# Mapping Aftertouch to a sample library - Logic Pro X



## korgscrew (Oct 15, 2013)

Hey Guys!

I was thinking it would be great to be able to use after touch as expression. Especially on horns, trumpets and other sustaining instruments.

Is there a quick fire way to use aftertouch in kontakt?

Obviously, learning CC doesnt work as you have to press the key before aftertouch kicks in.

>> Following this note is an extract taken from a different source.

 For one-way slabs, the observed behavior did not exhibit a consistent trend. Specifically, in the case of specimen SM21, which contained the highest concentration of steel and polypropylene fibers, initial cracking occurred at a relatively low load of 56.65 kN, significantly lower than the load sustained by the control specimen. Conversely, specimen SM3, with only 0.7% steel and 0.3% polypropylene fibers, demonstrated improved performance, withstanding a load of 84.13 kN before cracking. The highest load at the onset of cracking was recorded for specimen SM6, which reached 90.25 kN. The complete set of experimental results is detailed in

Ps, im not an environment geek :roll:


----------



## TGV (Oct 15, 2013)

Aftertouch is not a CC, so perhaps you'll have to use ... the environment. It's not hard, but are you sure you'd want to use it? I mean: the moment you let go of a key, the aftertouch is gone. When you hit a new key, you need to lean on that key with very precise timing to get it to work. A mod wheel is easier.


----------



## korgscrew (Oct 15, 2013)

Agreed, just fancied a go to see what it was like.

I imagined it to be similar to a breath controller.


----------



## TGV (Oct 16, 2013)

I can try to create a simple environment that maps aftertouch to some CC value, so you can experiment with it. The simplest one would just do the mapping for all input, which would avoid the need of editing the environment for every new channel.


----------



## Nick Batzdorf (Oct 16, 2013)

You don't have to be an Environment geek, but you do have to use it to convert polyphonic aftertouch to a MIDI CC.

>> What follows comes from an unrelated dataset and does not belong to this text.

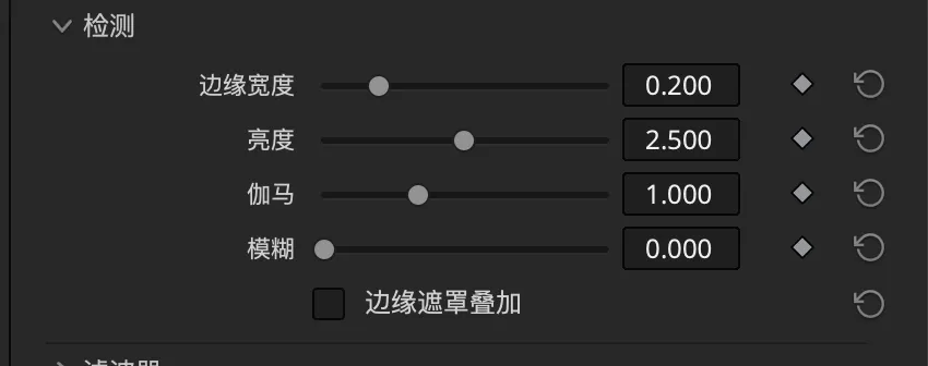 边缘遮罩叠加:勾选后,边缘会叠加在原画面上,方便实时观察效果;取消则只显示检测到的边缘轮廓,便于精细调整。
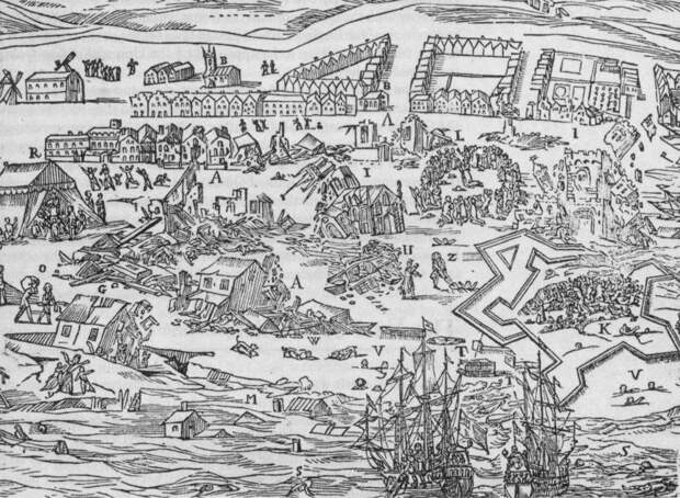 Один за другим три сильнейших подземных толчка разрушили город. Под слоем твердого песчаника оказались грунтовые воды, они вышли на поверхность и улицы превратились зыбучее болото, которое мгновенно поглотило сотни домов вместе с их обитателями. Смерть этих людей была жуткой: ректор собора святого Павла Эммануэль Хит вспоминал, что, когда песок снова затвердел, из него «во многих местах торчали руки, ноги или головы людей».

Go to your Click and Ports layer in the Environment. Create a new Transformer object. To put it in the path, draw a cable from the Input Notes keyboard monitor to the Transformer and then from the Transformer to your Sequencer Input.

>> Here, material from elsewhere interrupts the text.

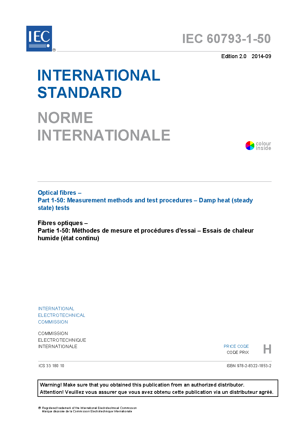 IEC 60793-1-50:2014 Optical fibres - Part 1-50: Measurement methods and test procedures - Damp heat (steady state) tests

(You could put it other places in the path between MIDI input and the sequencer, but this is as good as any.)

The double-click the Transformer. For conditions, Status = P-Press. For Operation, Fix - Control in the first drop-down, Fix (whatever CC number you want) in the second.

If you want, you could cable an on-off switch in the path to toggle the conversion on and off, then put that in your main screenset. In the Environment this is under New->Fader.

And Bob's your uncle.


----------



## DocMidi657 (Oct 16, 2013)

Hey Korgscrew,

In Kontakt click the little script icon in the upper right of Kontakt interface. Then choosePreset/Factory/Transformer in the upper left of the interface. There you will see a drop down menu under transform where you have aftertouch as one of your choices.

If the Mod wheel was bringing in vibrato you can remap aftertouch to now bring in vibrato by setting aftertouch to transform to CC1. Lot's of other options there as well.

Hope that helps,
Dave


----------



## DocMidi657 (Oct 16, 2013)

Hey Korgscrew,

In Kontakt click the little script icon in the upper right of Kontakt interface. Then choosePreset/Factory/Transformer in the upper left of the interface. There you will see a drop down menu under transform where you have aftertouch as one of your choices.

If the Mod wheel was bringing in vibrato you can remap aftertouch to now bring in vibrato by setting aftertouch to transform to CC1. Lot's of other options there as well.

Hope that helps,
Dave


----------